PROMPT
Write out exactly the lines below starting at the one containing "Панель напрямна крила" and ending at the one containing "Яркая вязаная кофта-кардиган". Omit every picture.
[PROVIDED MATERIAL — start]
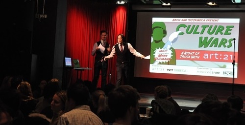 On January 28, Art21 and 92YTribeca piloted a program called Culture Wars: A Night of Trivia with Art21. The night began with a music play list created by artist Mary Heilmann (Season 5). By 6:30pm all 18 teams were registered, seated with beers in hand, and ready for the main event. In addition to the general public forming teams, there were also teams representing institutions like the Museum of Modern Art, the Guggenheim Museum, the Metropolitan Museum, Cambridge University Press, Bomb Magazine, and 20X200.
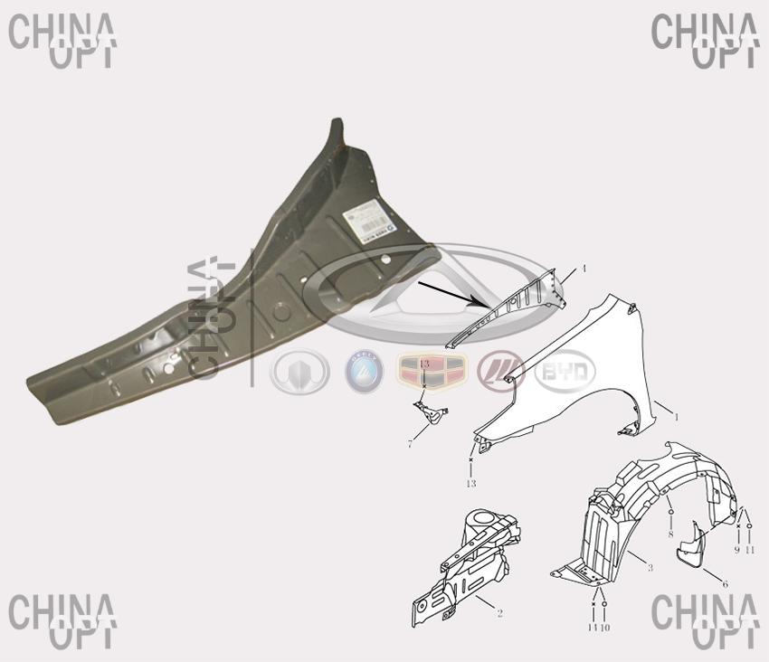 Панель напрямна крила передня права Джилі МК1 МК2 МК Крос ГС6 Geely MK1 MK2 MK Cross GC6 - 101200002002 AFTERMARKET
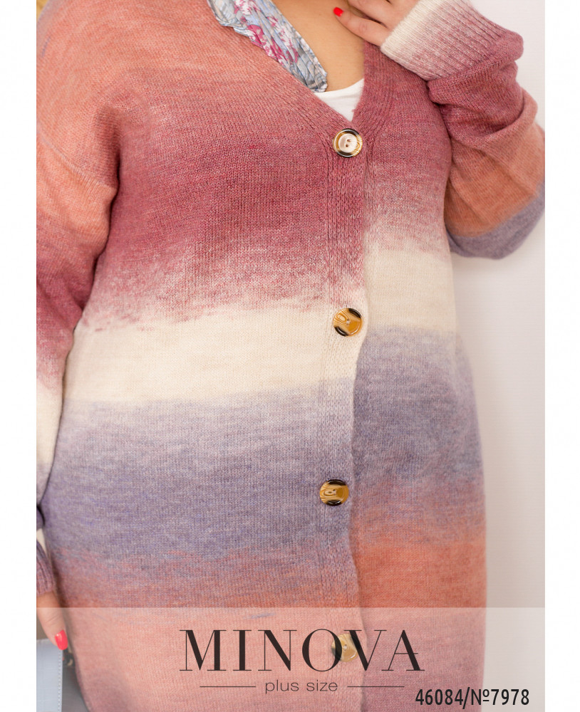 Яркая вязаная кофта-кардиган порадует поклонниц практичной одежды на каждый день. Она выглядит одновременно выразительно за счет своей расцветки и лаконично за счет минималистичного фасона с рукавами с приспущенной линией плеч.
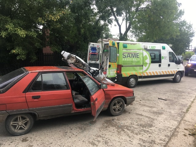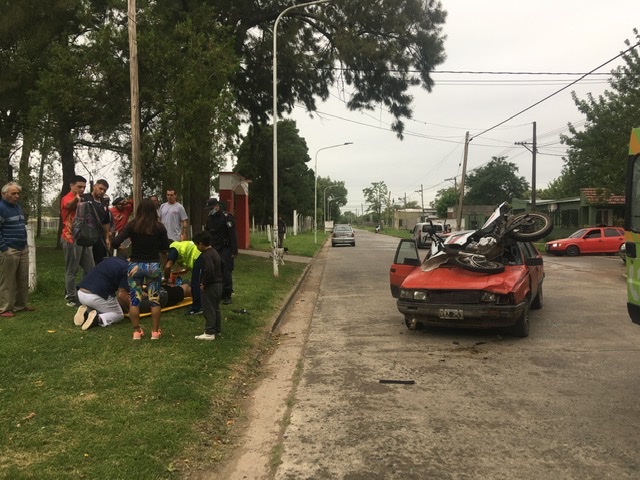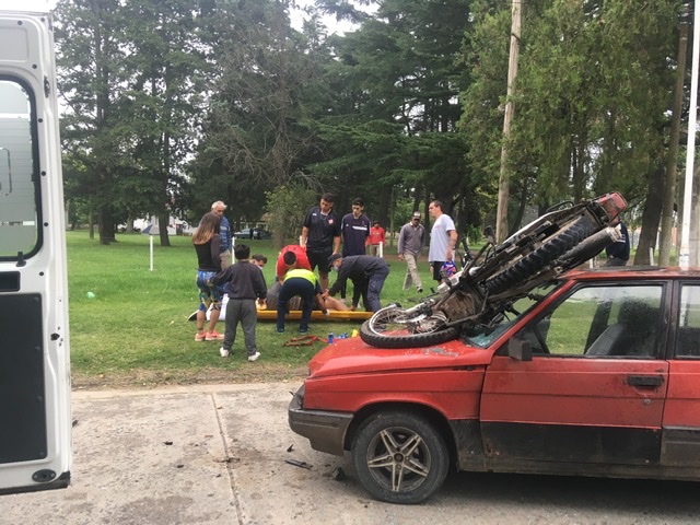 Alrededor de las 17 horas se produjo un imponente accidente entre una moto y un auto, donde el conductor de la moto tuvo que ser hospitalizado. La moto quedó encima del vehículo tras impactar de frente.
[PROVIDED MATERIAL — finish]
TASK ANSWER
 Панель напрямна крила передня права Джилі МК1 МК2 МК Крос ГС6 Geely MK1 MK2 MK Cross GC6 - 101200002002 AFTERMARKET
 Яркая вязаная кофта-кардиган порадует поклонниц практичной одежды на каждый день. Она выглядит одновременно выразительно за счет своей расцветки и лаконично за счет минималистичного фасона с рукавами с приспущенной линией плеч.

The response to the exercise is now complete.